In 1980, John Lennon said of the song: "'Yellow Submarine' is Paul's child. Donovan and I helped with the words. We actually recorded it live in the studio, but the idea and inspiration belonged to Paul. Its name is... written for Ringo." Donovan owns the line "Sky of blue and sea of green". Paul McCartney: "Yellow Submarine" is such a happy place. Well, we were just trying to write a nursery rhyme. That was the main idea. The text should not make more sense than the text of any other children's song."

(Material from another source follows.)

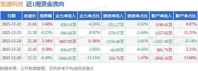 资金流向数据方面,本周宝通科技主力资金合计净流出2321.57万元,游资资金合计净流出1500.84万元,散户资金合计净流入3822.41万元。本周资金流向一览见下表:

"One morning I was still lying in bed, and then I lived in the attic of the Usher house… I thought of it as a song for Ringo, which in the end it turned out that way, so there are not many notes in the vocal line, and then I started to come up with this story, like some old sailor telling the children a story about his adventures. To a large extent, this is my song, as far as I remember, and I think John helped me. As I wrote, the plot became clearer and clearer, but the chorus, the melody of the verses and the verses are mine."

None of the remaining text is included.